The value of $$\lim_{x \to 0} \frac{(1 - \cos 2x)(3 + \cos x)}{x \tan 4x}$$ is equal to

We have to evaluate the limit

$$L=\lim_{x \to 0}\frac{(1-\cos 2x)(3+\cos x)}{x \tan 4x}\, .$$

First, recall the trigonometric identity

$$1-\cos\theta = 2\sin^2\!\left(\frac{\theta}{2}\right).$$

Applying it with $$\theta=2x$$, we obtain

$$1-\cos 2x = 2\sin^2 x.$$

Substituting this into the numerator gives

$$L=\lim_{x \to 0}\frac{2\sin^2 x\,(3+\cos x)}{x \tan 4x}.$$

Now, write the tangent in terms of sine and cosine:

$$\tan 4x=\frac{\sin 4x}{\cos 4x}\; \Longrightarrow\; x\tan 4x=\frac{x\sin 4x}{\cos 4x}.$$

Hence the limit becomes

$$L=\lim_{x \to 0}\frac{2\sin^2 x\,(3+\cos x)\,\cos 4x}{x\sin 4x}.$$

Separate the fraction into convenient pieces:

$$L=\lim_{x \to 0}2\,(3+\cos x)\,\cos 4x\;\frac{\sin^2 x}{x\sin 4x}.$$

Rewrite the last factor as a product:

$$\frac{\sin^2 x}{x\sin 4x}= \left(\frac{\sin x}{x}\right)\!\left(\frac{\sin x}{\sin 4x}\right).$$

We now evaluate each individual limit using standard small-angle limits.

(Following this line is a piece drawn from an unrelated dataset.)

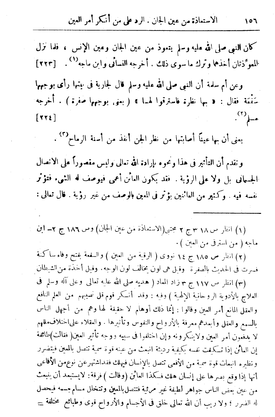 (¬3) انظر ص 117 ج 3 زاد المعاد (هدية صلى الله عليه وسلم فى العلاج بالادوية الروحانية الإلهية) وفيه: وقد انكر قوم قل نصيبهم من العلم النافع والعقل المانع أمر العين وقالوا: إنما ذلك أوهام لا حقيقة لها وهم من أجهل الناس بالسمع والعقل وابعدهم معرفة بالارواح والنفوس وتأثيرها. والعقلاء على اختلاف مللم لا يدفعون أمر العين ولا ينكرونه وإن اختلفوا فى سببه ووجه تأثير العين (فقالت) طائفه إن العائن إذا تكيفت نفسه بكيفية رديئة انبعث من عينه قوة سمية تتصل بالمعين فيتضرر ونظيره انبعاث قوة سمية من الأفعى تتصل الإنسان فيهلك فقد اشتهر عن نوع من الأفاعى أنها إذا وقع بصرها على إنسان هلك فكذا العائن (وقالت) فرقة: لا يستبعد أنينبعث من عين بعض الناس جواهر لطيفة غير مرئية فتتصل بالمعين وتتخلل مسام جسمه فيحصل له الضرر ن ولا ريب أن الله تعالى خلق فى الأجسام والرواح قوى وطبائع مختلفة وجعل فى كثير منها خواص وكيفيات مؤثرة فى الأجسام كما هو مشاهد محسوس فأنت ترى الوجه يحمر خجلا إذا نظراليه من يستحى منه، ويصفر خوفا عند نظر من يخافه وقد شاهد الناس من يسقم من النظر وتضعف قواه بواسطة تأثير الأرواح. والأرواح مختلفة ارتباطها بالعين ينسب الفعل إليها وليست هى الفاعلة بل التأثير للروح. والأرواح مختلفة فى طبائعها وقواها وخواصها فروح الحاسد مؤذية للمحسود أذى بينا لا ينكره إلا من هو خارج عن دائرة الإنسانية ولذا امر الله تعالى رسوله صلى الله عليه وسلم أن يستعيذ به من شر الحاسد (والحسد) اصله الإصابة بالعين فإن النفس الحاسدة تتكيف بكيفية خبيثة وتقابل المحسود فتؤثر فيه تلك الخاصية.

1. The fundamental limit $$\displaystyle\lim_{x\to 0}\frac{\sin x}{x}=1.$$

2. For $$\displaystyle\lim_{x\to 0}\frac{\sin x}{\sin 4x},$$ we note that for small angles $$\sin x\sim x$$ and $$\sin 4x\sim 4x$$, so

$$\lim_{x\to 0}\frac{\sin x}{\sin 4x}=\lim_{x\to 0}\frac{x}{4x}=\frac14.$$

3. Finally, $$\displaystyle\lim_{x\to 0}\cos 4x=1$$ and $$\displaystyle\lim_{x\to 0}\cos x=1.$$

Putting all these limits together, we get

$$L = 2\;\bigl(3+1\bigr)\;(1)\;\bigl(1\bigr)\;\left(\frac14\right) = 2 \times 4 \times \frac14 = 2.$$

Hence, the correct answer is Option B.